The Mets spent some money this winter, bringing in legitimate major league caliber players in Curtis Granderson, Chris Young (the outfielder) and Bartolo Colon, smart signings that are short-term (well, not Granderson) and address areas of need. Yeah, they desperately need a shortstop and a few relievers, but the organization is making progress. Are they contenders? No, not yet. The size of the step forward they take this year will determine how soon they get back to the postseason.
5. Can the Phillies reverse the trend?
The 2007-11 stretch was arguably the best in franchise history, with five NL East crowns, two NL pennants and one World Series title.
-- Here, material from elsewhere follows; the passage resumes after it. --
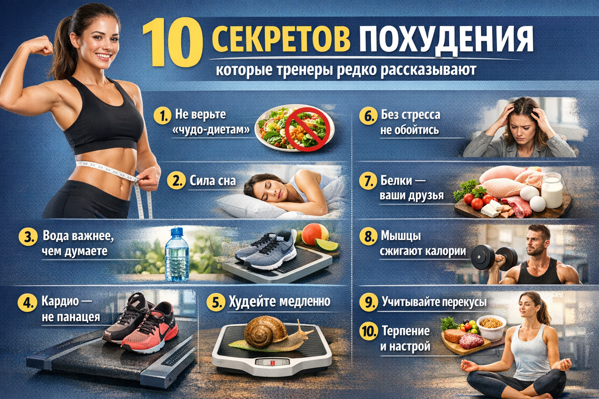 Привет, друзья! Если вы здесь, значит, вы устали от бесконечных диет, обещаний “минус 10 кг за неделю” и разочарований от отсутствия результата. Многие фитнес-тренеры в зале или онлайн фокусируются на очевидном: “Ешь меньше, двигайся больше”. Но есть нюансы, которые они часто не раскрывают — либо потому, что клиенты хотят быстрых решений, либо потому, что эти секреты требуют дисциплины и понимания тела. Сегодня я поделюсь 10 малоизвестными секретами похудения, основанными на опыте профессиональных тренеров и научных данных. Эти советы помогут вам худеть эффективно и надолго, без срывов и йо-йо эффекта.

Since then though? Look:
2011: 102-60, $166.0 million payroll
2012: 81-81, $172.0 million payroll
2013: 73-89, $165.9 million payroll
2014: projected $180.0 million payroll
The record has gotten worse while the payroll had increased, save for that little hiccup in 2013. Cole Hamels will miss a few weeks with a shoulder problem and Cuban import Miguel Alfredo Gonzalez was a big disappointment in camp, plus he's now hurt. The lineup is built around the declining bats of Jimmy Rollins and Ryan Howard, the bullpen around the volatile Jonathan Papelbon. Jason Collette of FanGraphs looked at the red flags in Papelbon's game over the winter.
Cliff Lee and Chase Utley are both exemplary players who rank among the best at their positions, plus Domonic Brown's power potential can't be ignored. A.J. Burnett should be solid as well. The rest of the team is full of question marks and, given the general age of the roster, there's a chance the Phillies will get even worse before they get better.